> [INSTRUCTIONS TO FOLLOW]: Reproduce the lines below exactly, from the one containing "首先,集体收益金是集体获得的" through the one containing "Με εξαιρετική επιτυχία", both included. Leave out any pictures.

> [RECORDS FOR PROCESSING]:
▶
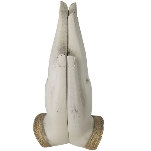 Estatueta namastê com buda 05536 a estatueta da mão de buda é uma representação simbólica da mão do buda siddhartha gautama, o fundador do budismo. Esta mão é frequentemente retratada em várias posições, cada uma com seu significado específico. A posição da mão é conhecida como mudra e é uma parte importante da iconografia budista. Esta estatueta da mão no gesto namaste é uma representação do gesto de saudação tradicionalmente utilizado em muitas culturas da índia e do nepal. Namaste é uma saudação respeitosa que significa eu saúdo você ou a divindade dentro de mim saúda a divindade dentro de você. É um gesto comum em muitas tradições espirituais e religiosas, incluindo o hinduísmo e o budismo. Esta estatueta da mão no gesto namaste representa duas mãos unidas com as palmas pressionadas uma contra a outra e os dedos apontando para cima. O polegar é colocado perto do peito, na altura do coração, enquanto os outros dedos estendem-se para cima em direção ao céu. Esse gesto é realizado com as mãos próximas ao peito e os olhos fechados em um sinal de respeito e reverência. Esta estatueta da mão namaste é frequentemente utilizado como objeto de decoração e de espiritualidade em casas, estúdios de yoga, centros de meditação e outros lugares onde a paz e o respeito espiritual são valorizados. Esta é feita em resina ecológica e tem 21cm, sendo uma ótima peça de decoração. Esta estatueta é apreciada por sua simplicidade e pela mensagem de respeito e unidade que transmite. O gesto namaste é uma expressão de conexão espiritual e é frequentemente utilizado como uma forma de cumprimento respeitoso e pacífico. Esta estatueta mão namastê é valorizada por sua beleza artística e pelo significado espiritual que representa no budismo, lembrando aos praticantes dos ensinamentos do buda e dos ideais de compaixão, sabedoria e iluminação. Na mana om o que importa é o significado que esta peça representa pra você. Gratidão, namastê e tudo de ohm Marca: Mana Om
◀
▶
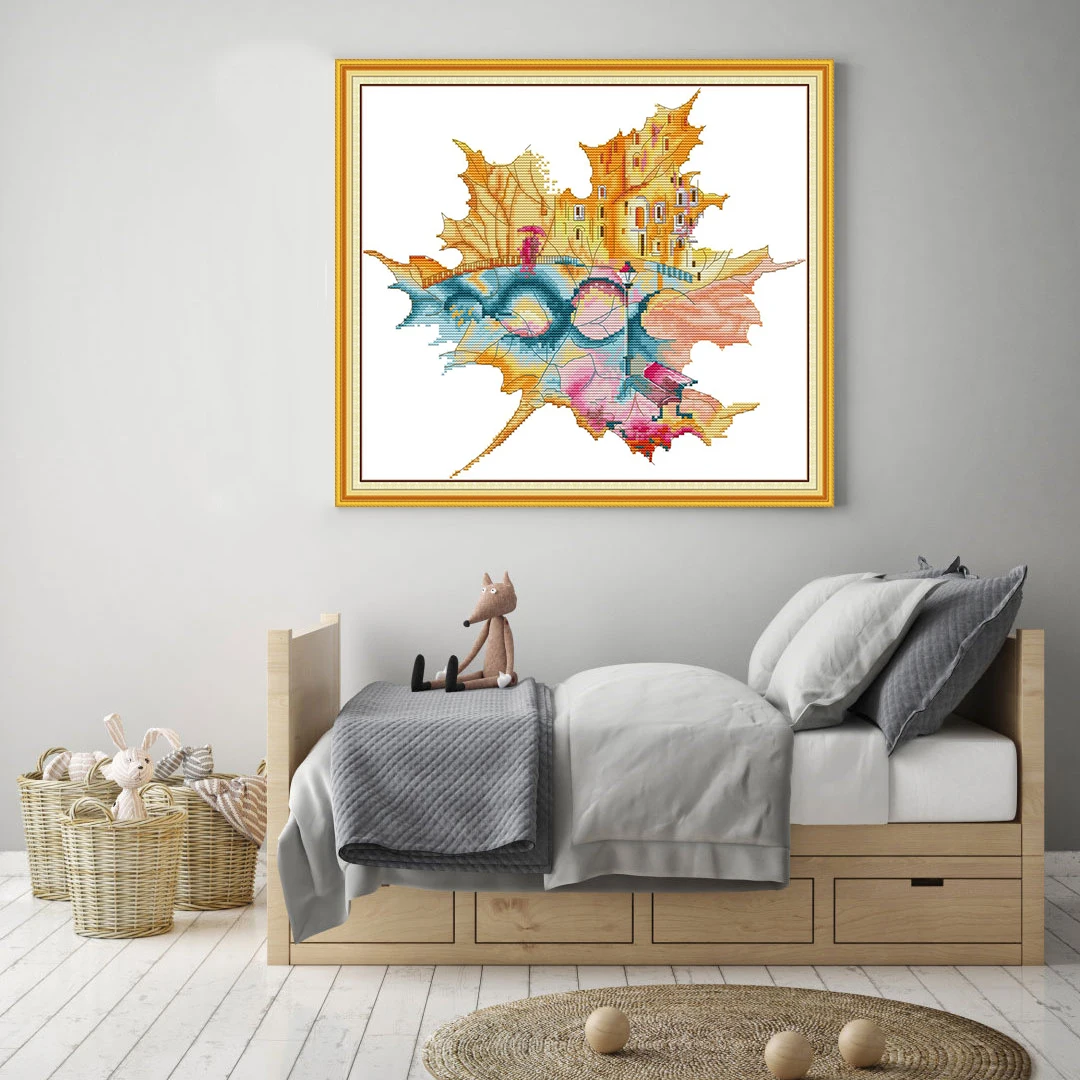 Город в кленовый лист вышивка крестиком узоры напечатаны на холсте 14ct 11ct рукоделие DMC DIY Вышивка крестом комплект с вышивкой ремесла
◀
▶
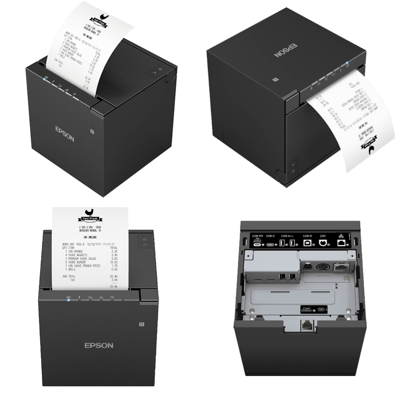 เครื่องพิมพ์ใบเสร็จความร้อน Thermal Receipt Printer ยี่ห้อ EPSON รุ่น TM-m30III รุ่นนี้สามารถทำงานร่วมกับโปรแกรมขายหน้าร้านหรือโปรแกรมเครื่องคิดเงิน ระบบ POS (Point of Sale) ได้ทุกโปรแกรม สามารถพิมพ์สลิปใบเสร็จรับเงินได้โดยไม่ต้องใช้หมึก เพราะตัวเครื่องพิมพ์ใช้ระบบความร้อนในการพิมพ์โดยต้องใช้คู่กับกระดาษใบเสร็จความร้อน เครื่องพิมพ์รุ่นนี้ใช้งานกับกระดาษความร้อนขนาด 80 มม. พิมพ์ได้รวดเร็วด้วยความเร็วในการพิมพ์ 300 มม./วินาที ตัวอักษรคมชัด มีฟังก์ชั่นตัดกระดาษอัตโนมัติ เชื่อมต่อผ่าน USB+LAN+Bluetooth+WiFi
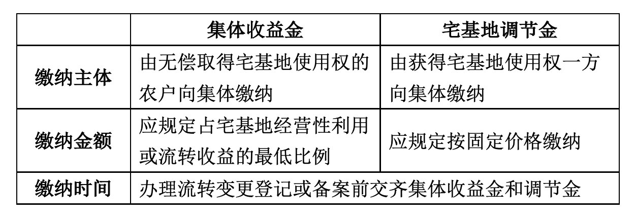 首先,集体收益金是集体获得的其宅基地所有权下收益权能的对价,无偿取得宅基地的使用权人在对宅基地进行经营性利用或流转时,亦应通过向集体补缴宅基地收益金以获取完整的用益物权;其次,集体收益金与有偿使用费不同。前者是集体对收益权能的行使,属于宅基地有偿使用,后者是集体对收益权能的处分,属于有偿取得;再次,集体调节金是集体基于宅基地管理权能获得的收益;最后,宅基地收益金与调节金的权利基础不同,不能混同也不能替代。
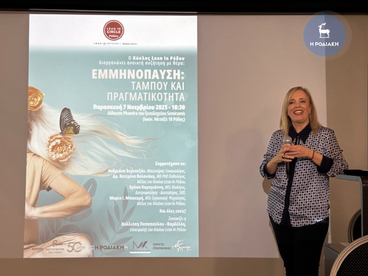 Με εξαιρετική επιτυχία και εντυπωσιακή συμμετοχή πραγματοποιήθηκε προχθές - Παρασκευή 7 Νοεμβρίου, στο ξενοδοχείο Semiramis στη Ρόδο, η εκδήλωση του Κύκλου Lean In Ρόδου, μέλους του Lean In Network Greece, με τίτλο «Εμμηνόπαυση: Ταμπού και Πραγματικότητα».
◀
> [TASK SOLUTION]:
 首先,集体收益金是集体获得的其宅基地所有权下收益权能的对价,无偿取得宅基地的使用权人在对宅基地进行经营性利用或流转时,亦应通过向集体补缴宅基地收益金以获取完整的用益物权;其次,集体收益金与有偿使用费不同。前者是集体对收益权能的行使,属于宅基地有偿使用,后者是集体对收益权能的处分,属于有偿取得;再次,集体调节金是集体基于宅基地管理权能获得的收益;最后,宅基地收益金与调节金的权利基础不同,不能混同也不能替代。
 Με εξαιρετική επιτυχία και εντυπωσιακή συμμετοχή πραγματοποιήθηκε προχθές - Παρασκευή 7 Νοεμβρίου, στο ξενοδοχείο Semiramis στη Ρόδο, η εκδήλωση του Κύκλου Lean In Ρόδου, μέλους του Lean In Network Greece, με τίτλο «Εμμηνόπαυση: Ταμπού και Πραγματικότητα».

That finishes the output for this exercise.